A veiculação da propaganda eleitoral em bens particulares deve ser espontânea e gratuita, sendo proibido veículos de tipo de pagamento em troca de espaço para essa finalidade. Se não houver a autorização do dono do imóvel, a propaganda se torna irregular.

Propaganda em bens públicos e bens de uso comum

É proibida a propaganda nos bens públicos cujo uso dependa de cessão ou permissão do poder público e nos bens de uso comum do povo, como por exemplo: estradas, praças, postes de iluminação pública e sinalização de tráfego, viadutos, passarelas, pontes, paradas de ônibus, cinemas, clubes, lojas, centros comerciais, templos, ginásios, estádios e banca de revista.

Propaganda nas sedes do Poder Legislativo

Esse tipo de propaganda fica a critério da Mesa Diretora da Casa.

Propaganda em vias públicas, árvores e jardins

É permitida a colocação de cavaletes, bonecos, cartazes, mesas para distribuição de material de campanha e bandeiras ao longo das vias públicas, desde que não dificultem o bom andamento do trânsito de pessoas e veículos.

Já em árvores e nos jardins localizados em áreas públicas, ficam proibidos esses tipos de propaganda.

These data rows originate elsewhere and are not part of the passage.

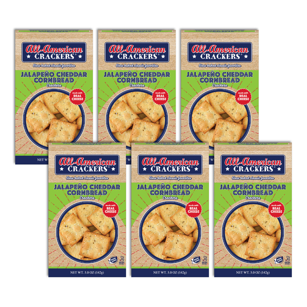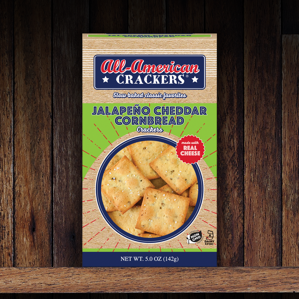 Slow baked classic favorites! If you enjoy a delicious cornbread with a kick, you'll love these spicy Jalapeño Cheddar Cornbread crackers. Made with real cheese and real butter, these crispy crackers are perfect for pairing with a smooth cream cheese or enjoying as a satisfying snack all on their own!
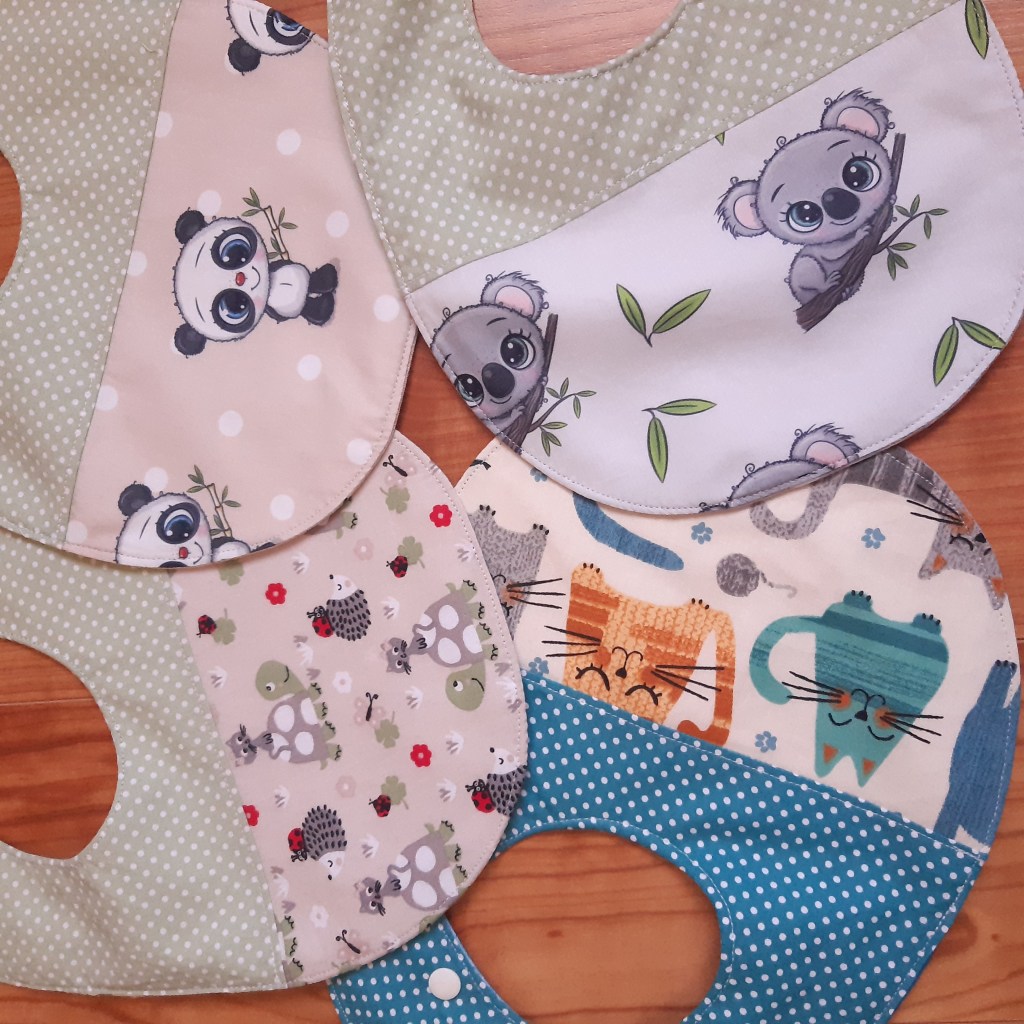 Bavaglino 2 strati, cotone e uno retro in spugna.
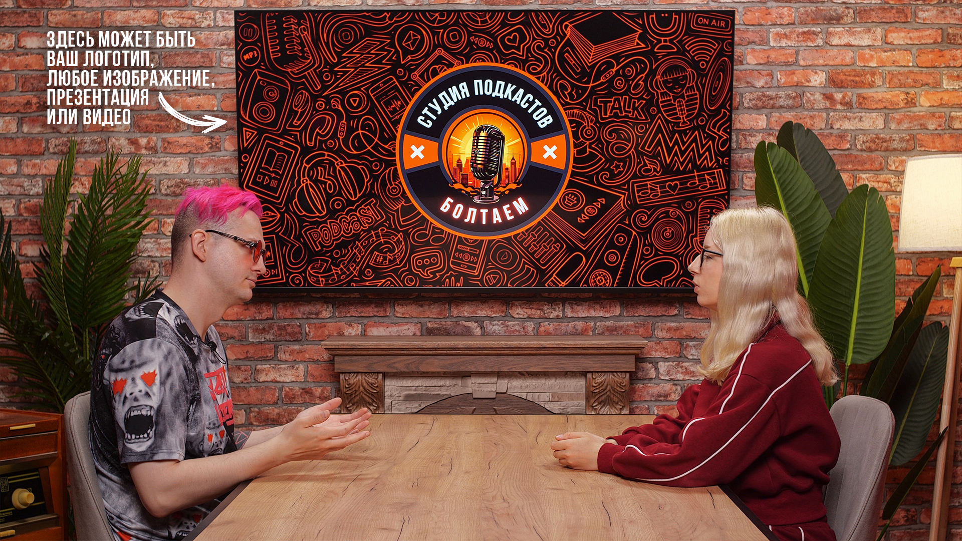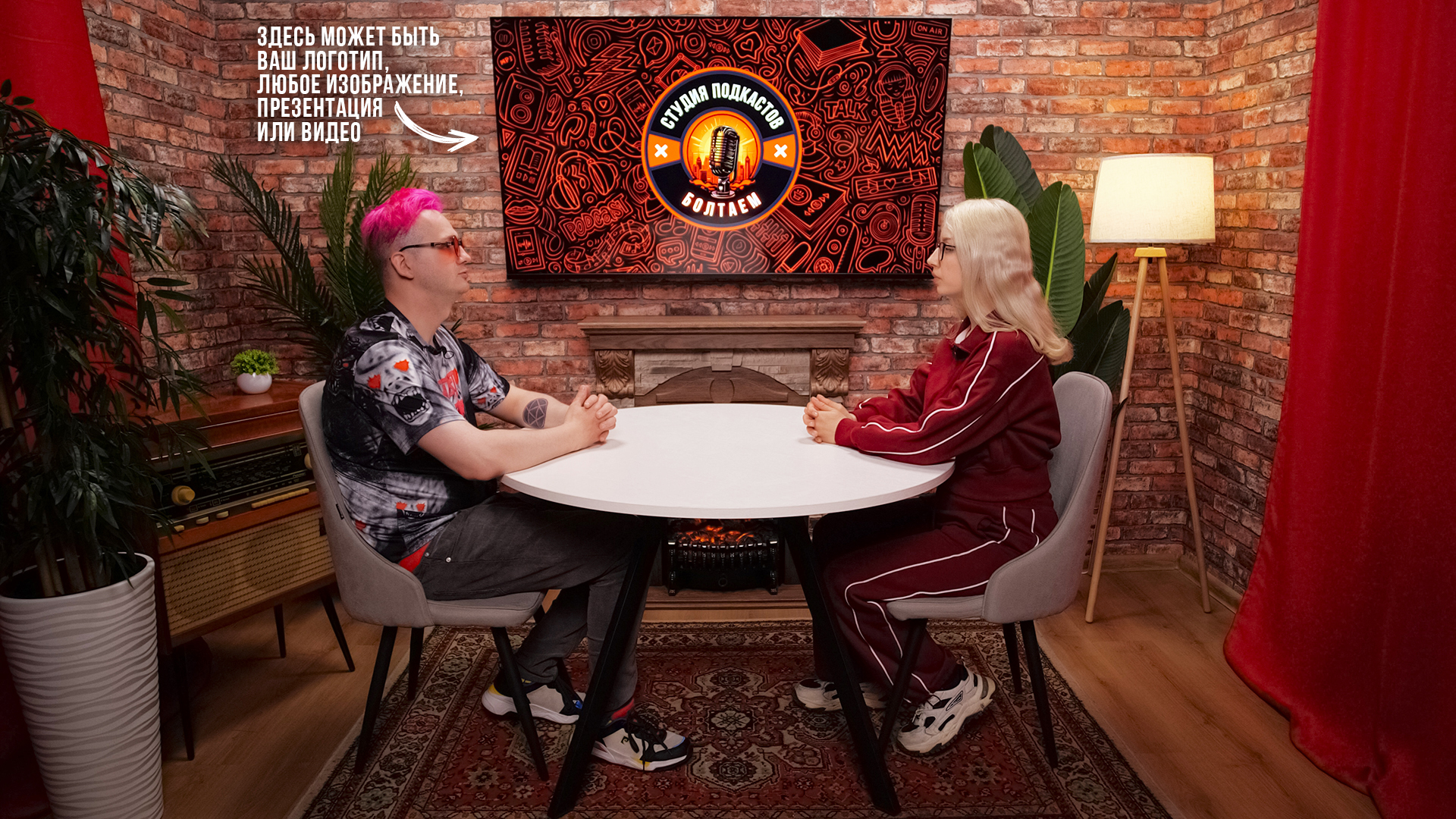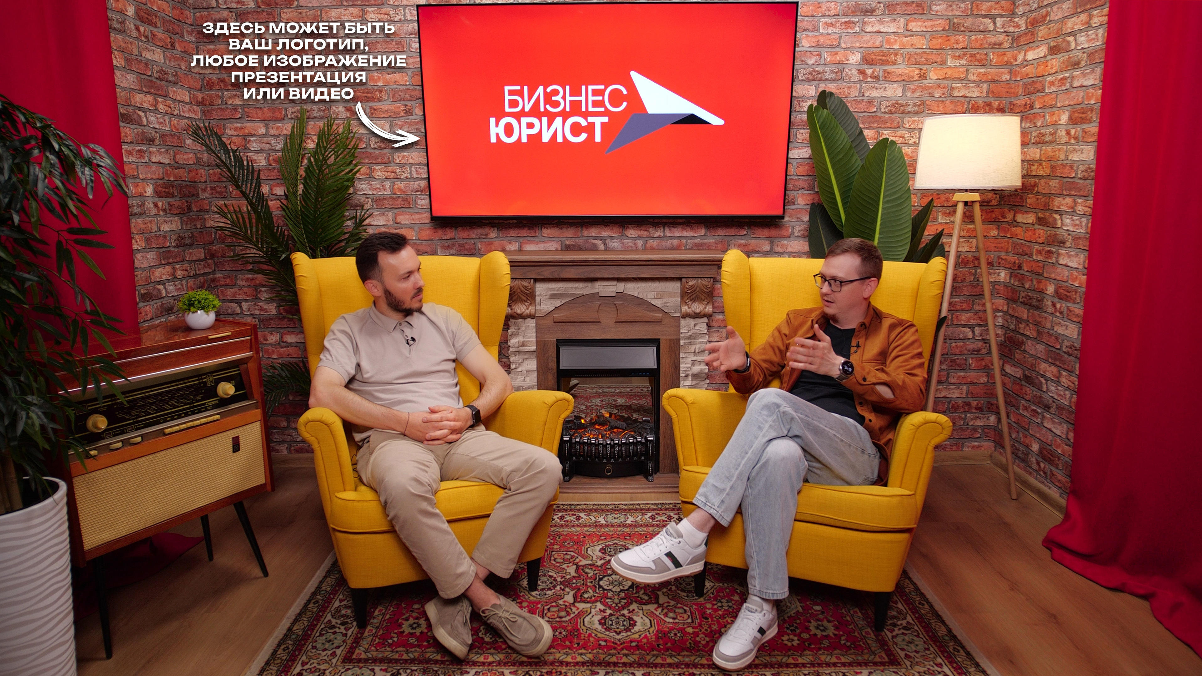 Кирпичные стены, камин для уюта и телевизор 🔥 на который можно вывести ваш логотип, любое изображение, презентацию или видео

Propaganda por outdoors, painel eletrônico, backlight e similares

É proibida a utilização de outdoors para propaganda eleitoral, o TSE estabeleceu que painel eletrônico, backlight ou similar são classificados como outdoors, portanto, caracterizam propaganda eleitoral irregular.

Carreata, passeata e carro de som

É proibido realizar carreata, caminhada , passeata ou usar carro de som que transite pela cidade, divulgando jingles ou mensagens de candidatos, até as vinte e duas horas do dia que antecede a eleição.

Propaganda na imprensa escrita

Até a antevéspera das eleições, são permitidas a divulgação paga e a reprodução na Internet do jornal impresso de até dez anúncios de propaganda eleitoral, por jornal.

Propaganda assemelhada à propaganda pública

É proibido, na propaganda eleitoral, o uso de símbolos, frases ou imagens associados ou semelhantes aos empregados por órgão de governo, empresa pública ou sociedade de economia mista.